I resolved another production performance issue with a SQL Profile yesterday. I have several posts about SQL Profiles, so I do not want to be redundant, but this case was a little different because it was not clear that I had a better plan. I want to document the challenge that I had deciding if I had the best plan and show the resolution.
On September 21 when I think I was on vacation or otherwise not in the office there was a big performance issue on an older production database. The on-call DBA identified the sql_id of the top SQL statement as 30q69rbpn7g75. But he and an application support developer together could not connect that SQL statement back to the long running reports that were impacting the business. Eventually the issue went away later that night. Here is some of the execution history from that original issue:
This output is from my sqlstat.sql script. Notice how earlier in the day there are several plans with widely varying elapsed times. Plan hash value 1732425686 averages 66 millisconds during the hour ending at 10 am. I do not know why the query has so many different plans. 2823019537 was the bad plan and it got locked in throughout the afternoon and into the night.

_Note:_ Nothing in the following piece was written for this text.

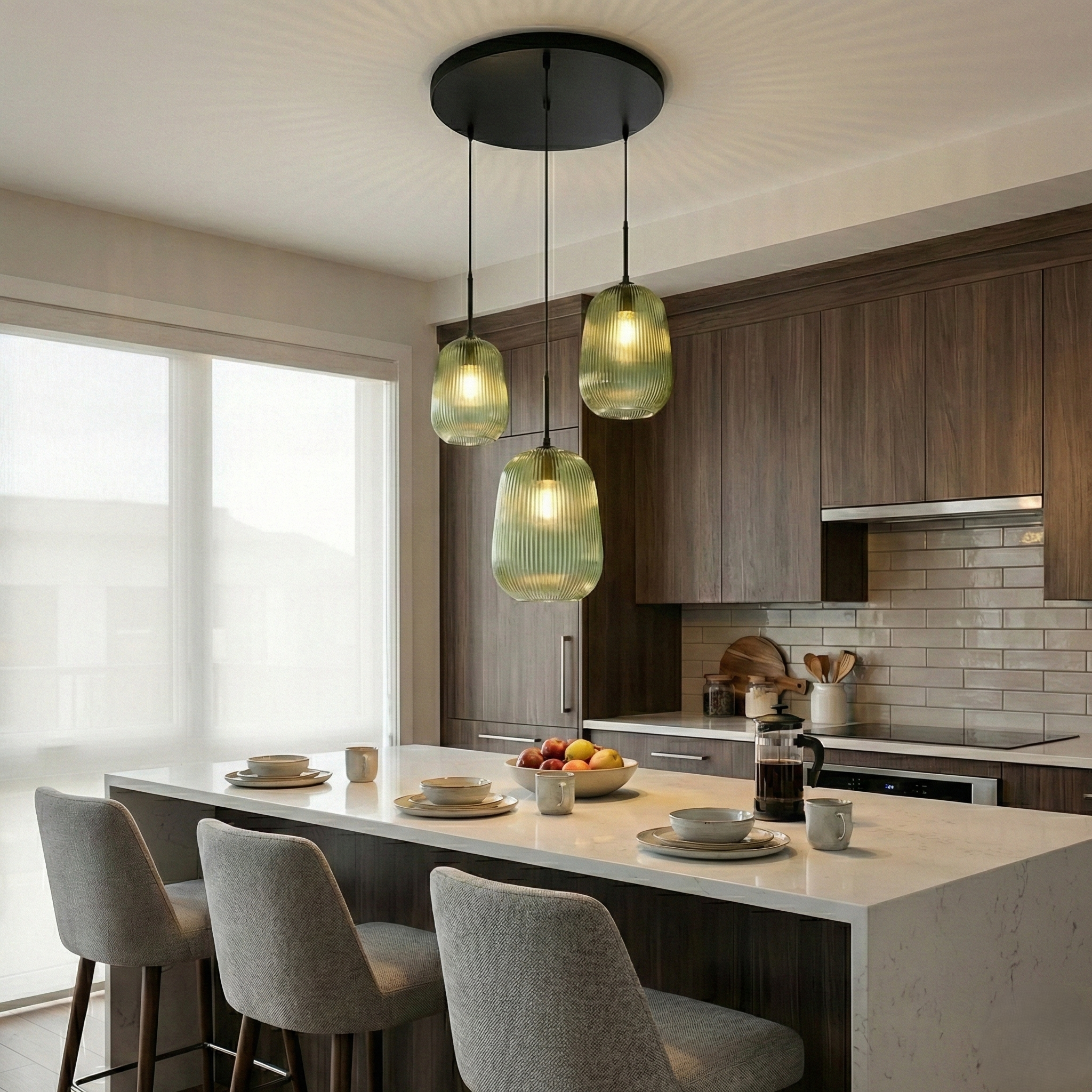 The Aura Rib Pendant brings understated elegance to modern interiors with its softly ribbed glass shade and warm ambient glow. Designed with a durable metal structure paired with finely crafted glass, this pendant light creates a calm and inviting atmosphere. Its minimalist silhouette makes it ideal for bedside lighting, dining areas, kitchen islands, and contemporary living spaces. The Aura Rib Pendant blends seamlessly with modern, Scandinavian, and Japandi-inspired interiors, adding both style and functionality.

Later in that same week I reviewed the plans and found that the longest running plans used certain indexes on the top table and the shorter ones used another index. I looked at the “Segments by Logical Reads” section of an AWR report during the problem time and found that the top segment was index X6_WFCTOTAL. I used by getplans.sql to get all the plans for SQL id 30q69rbpn7g75 and found that the fastest ones used range scans against index X1_WFCTOTAL and the slow ones did range or skip scans against indexes X5_WFCTOTAL or X6_WFCTOTAL. So I picked one plan, 382022017, and used coe_xfr_sql_profile.sql to force 30q69rbpn7g75 to always run with plan 382022017 which used index X1_WFCTOTAL. Here is some execution history of the plan I picked:
This plan was averaging less than 1800 milliseconds. But after putting in the supposedly better plan it seemed to have worse execution times that other plans. Also, the plan hash value was different than 382022017. Here is the execution history from when I put this SQL Profile in place:
Notice first that the plan hash value is 653445232 instead of 382022017. I usually see things like this when the plan has system generated table temporary table names, but I have not seen that in the plan. There must be something like that going on. Either that on the SQL Profile just locks in a slightly different plan. Anyway, 653445232 is the plan caused by the SQL Profile. Notice how the average elapsed time hangs around 90,000 to 100,000 milliseconds. But 382022017 has elapsed times under 1800 milliseconds. Seeing these results, I dropped the SQL Profile. Kind of like a doctor who swears to “do no harm” I did not want to slow down queries that were running very efficiently in my attempt to prevent another system slowdown or outage like we had on September 21. I dropped the SQL Profile on September 29.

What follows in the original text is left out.